§ Data supplied
####################

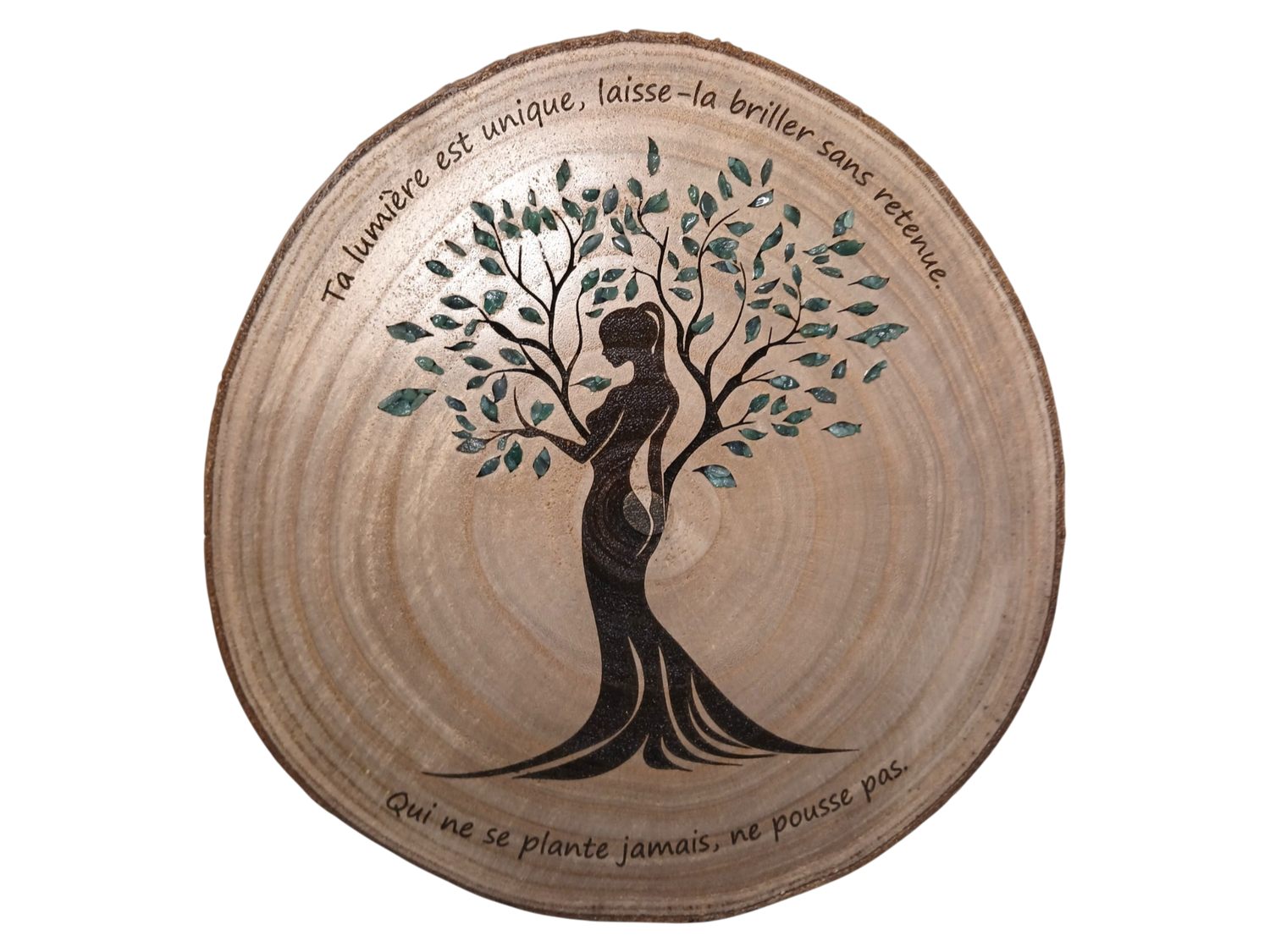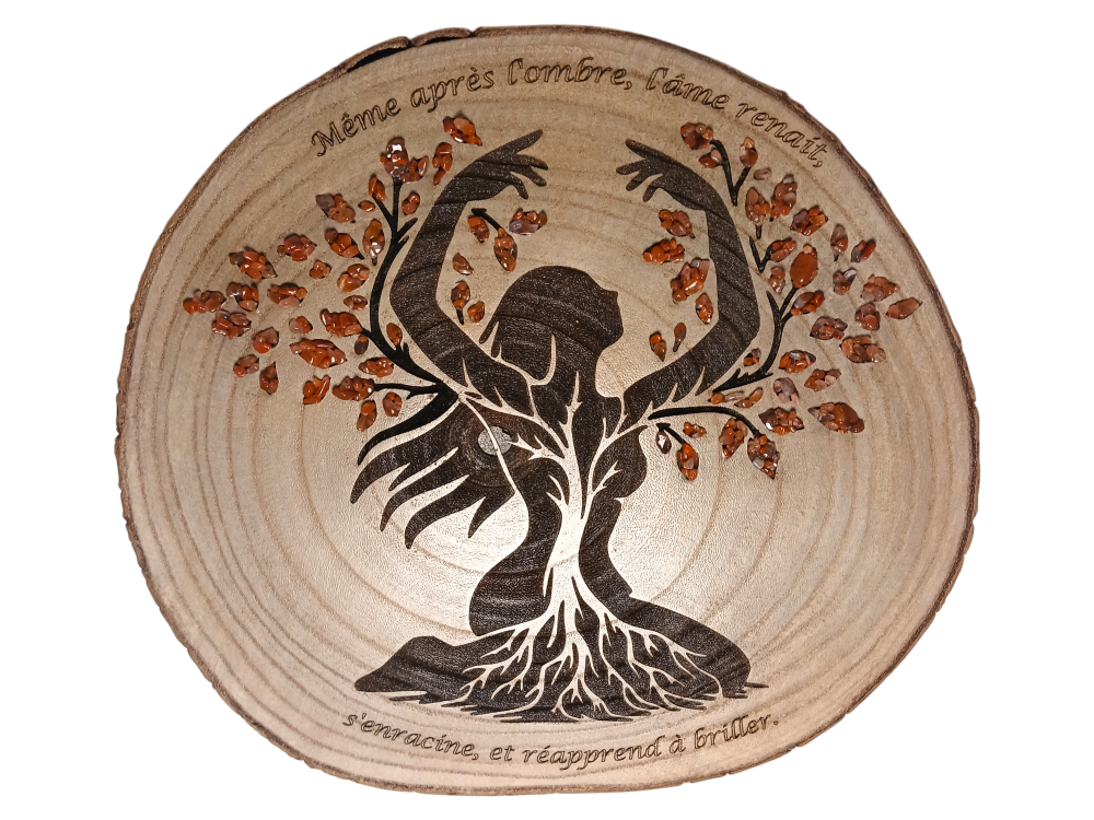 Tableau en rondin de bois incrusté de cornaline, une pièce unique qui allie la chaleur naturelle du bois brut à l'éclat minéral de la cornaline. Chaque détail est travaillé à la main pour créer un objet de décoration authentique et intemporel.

####################

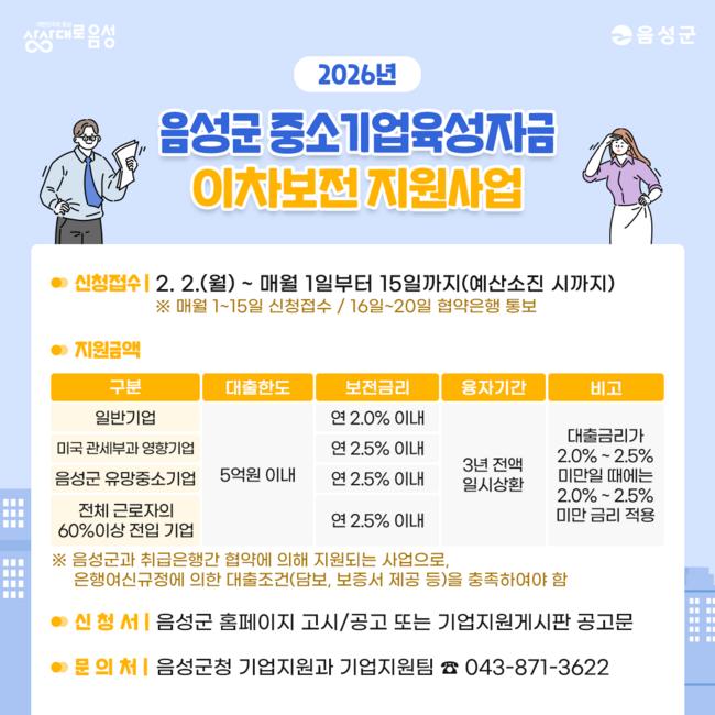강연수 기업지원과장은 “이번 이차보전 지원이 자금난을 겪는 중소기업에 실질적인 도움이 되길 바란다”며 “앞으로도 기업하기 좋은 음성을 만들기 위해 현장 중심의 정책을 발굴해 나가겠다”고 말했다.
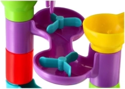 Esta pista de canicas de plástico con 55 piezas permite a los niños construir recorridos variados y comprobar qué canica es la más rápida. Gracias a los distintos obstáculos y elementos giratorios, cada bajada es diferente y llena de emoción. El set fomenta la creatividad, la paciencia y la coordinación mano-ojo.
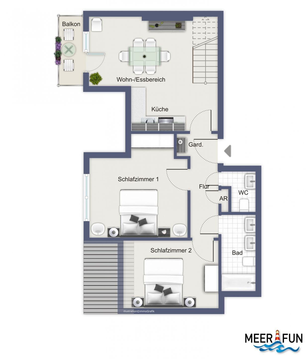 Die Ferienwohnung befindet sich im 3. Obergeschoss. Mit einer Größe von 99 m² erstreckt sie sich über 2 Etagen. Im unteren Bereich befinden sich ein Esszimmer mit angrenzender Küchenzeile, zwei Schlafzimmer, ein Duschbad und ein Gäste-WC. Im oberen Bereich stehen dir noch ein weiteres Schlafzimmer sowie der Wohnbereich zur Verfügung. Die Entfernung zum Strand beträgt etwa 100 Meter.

####################

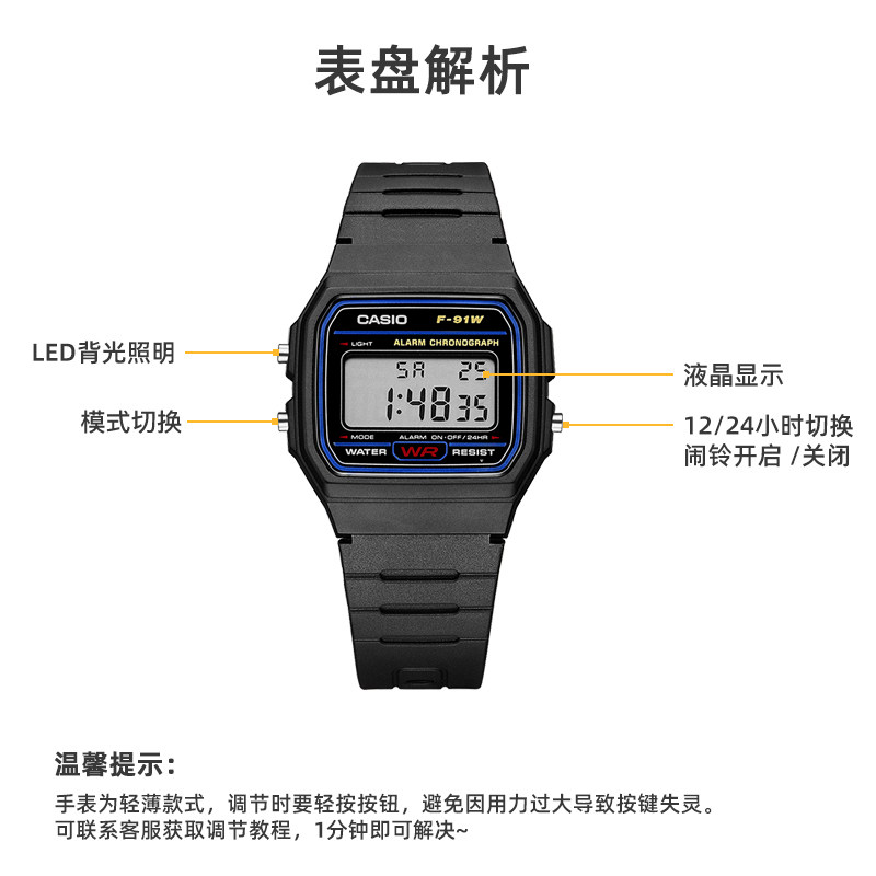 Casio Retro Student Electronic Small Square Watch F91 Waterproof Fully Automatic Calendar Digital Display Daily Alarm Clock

####################

§ Work task
In the entries above, find the line with "Esta pista de" and the line with "Die Ferienwohnung befindet". Write out exactly those two lines and every line between them, pictures excluded.

§ Answer to this problem
 Esta pista de canicas de plástico con 55 piezas permite a los niños construir recorridos variados y comprobar qué canica es la más rápida. Gracias a los distintos obstáculos y elementos giratorios, cada bajada es diferente y llena de emoción. El set fomenta la creatividad, la paciencia y la coordinación mano-ojo.
 Die Ferienwohnung befindet sich im 3. Obergeschoss. Mit einer Größe von 99 m² erstreckt sie sich über 2 Etagen. Im unteren Bereich befinden sich ein Esszimmer mit angrenzender Küchenzeile, zwei Schlafzimmer, ein Duschbad und ein Gäste-WC. Im oberen Bereich stehen dir noch ein weiteres Schlafzimmer sowie der Wohnbereich zur Verfügung. Die Entfernung zum Strand beträgt etwa 100 Meter.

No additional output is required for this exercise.